The combination of Jaderberg, Chen is combinable with Chen for the same rationale as set forth above with respect to claim 1.

Regarding claim 7
The combination of Jaderberg, Chen teaches claim 1.

wherein training the machine learning model further comprises: (See claim 1)

generating a series of rollouts for a new environment;
(Chen [fig(s) 1] “It is trained to predict both hyperparameter suggestions (in green) and response function values (in red).” [sec(s) 1] “We adopt a supervised learning approach, by learning to predict parameters and hyperparameter response functions from offline tuning data (See Fig. 1). In order to further improve optimization performance, we augment the model by utilizing its own function prediction during inference (Section 4.3).
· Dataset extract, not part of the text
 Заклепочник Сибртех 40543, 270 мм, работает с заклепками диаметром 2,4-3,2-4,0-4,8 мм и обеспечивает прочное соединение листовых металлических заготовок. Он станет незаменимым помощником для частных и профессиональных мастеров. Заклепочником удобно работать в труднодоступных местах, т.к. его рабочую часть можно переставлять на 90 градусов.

Extensive experiments on both public and private datasets demonstrate the OPTFORMER’s competitive tuning and generalization abilities.” [sec(s) 2] “HPO aims to find a set of hyperparameters x from search space X to maximize a model performance metric, y = f(x), often referred to as a response function. … An HPO algorithm π maps the metadata and history to a distribution over hyperparameter suggestions, i.e. π(xt+1|m, ht). Using the terminology of offline RL [29], we refer to the algorithm used to generate the trajectories in a dataset as the behavior policy πb.” [sec(s) 4] “We train our OPTFORMER as a generative model on a given dataset and explain how to use the OPTFORMER’s parameter and function prediction abilities to implement an HPO policy.” [sec(s) 6] “The train/test subsets of RealWorldData are split temporally to avoid information leak (see Appendix C for details).” [sec(s) 6.2] “In this section, we assess the OPTFORMER’s ability to learn the conditional distribution of the function value as a few-shot function regressor. Specifically, for every function in each test dataset, we repeatedly sample up to 200 random trials”; e.g., “trajectories” read(s) on “rollouts”.)
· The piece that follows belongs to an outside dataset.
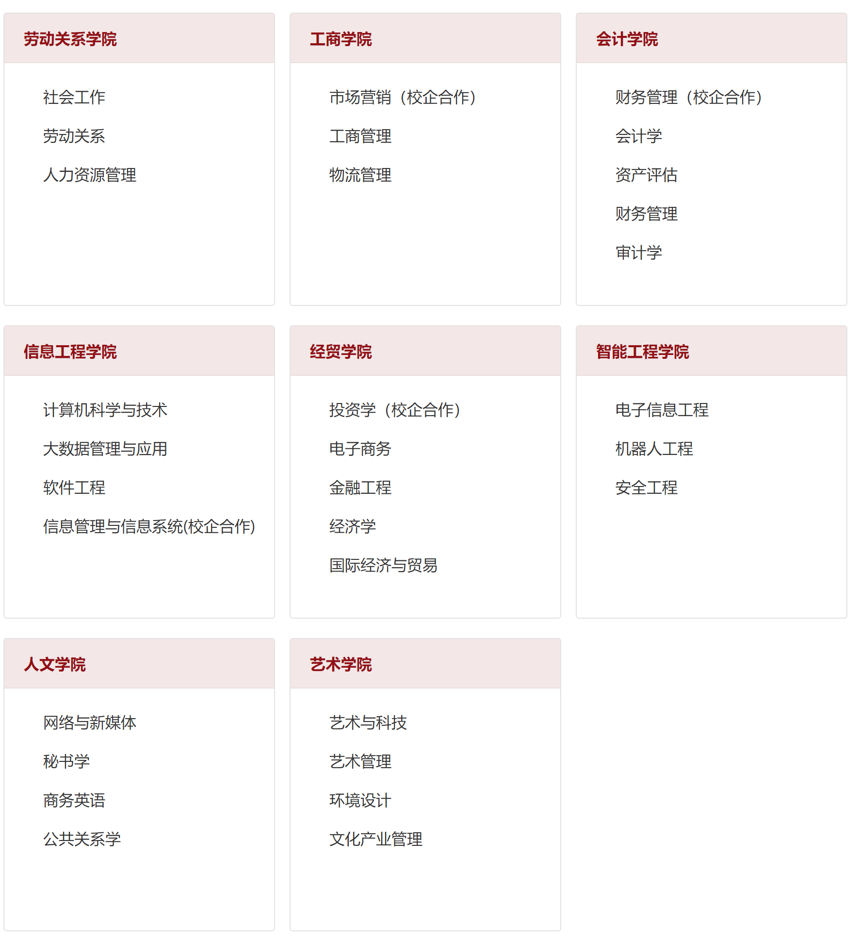 根据山东管理学院2020—2021学年本科教学质量报告,该校现有本科专业 30 个,涵盖 6 个学科门类:其中管理学专业 12 个,占比 40.00%;工 学专业 5 个,占比 16.67%;经济学专业 5 个,占比 16.67%;文学专业 3 个,占 比 10.00%;艺术学专业 4 个,占比 13.33%;法学专业 1 个,占比 3.33%。形成 了以管为主,管、经、工、文、艺、法等学科协调发展的专业布局。

determining encodings for a selected set of rollouts by a second machine learning model;
(Chen [fig(s) 1] “It is trained to predict both hyperparameter suggestions (in green) and response function values (in red).” [sec(s) 1] “We introduce a serialization scheme to convert a combination of any metadata and an optimization trajectory into text, represented as a sequence of tokens, and formulate the HPO task as a sequence modeling problem. We adopt a supervised learning approach, by learning to predict parameters and hyperparameter response functions from offline tuning data (See Fig. 1). In order to further improve optimization performance, we augment the model by utilizing its own function prediction during inference (Section 4.3). Extensive experiments on both public and private datasets demonstrate the OPTFORMER’s competitive tuning and generalization abilities.” [sec(s) 4.1 Study tokenization] “To improve scalability, we compress the textual representation of metadata m by removing redundant phrases and punctuation (e.g., "parameter", quotes) and encoding keywords (e.g., "name", "algorithm") and enumerating types (e.g. "DOUBLE") into single tokens. … See Appendix A.2 for further details on tokenization.” [sec(s) 4] “We train our OPTFORMER as a generative model on a given dataset and explain how to use the OPTFORMER’s parameter and function prediction abilities to implement an HPO policy.”; e.g., tokenizer read(s) on “second machine learning model”.)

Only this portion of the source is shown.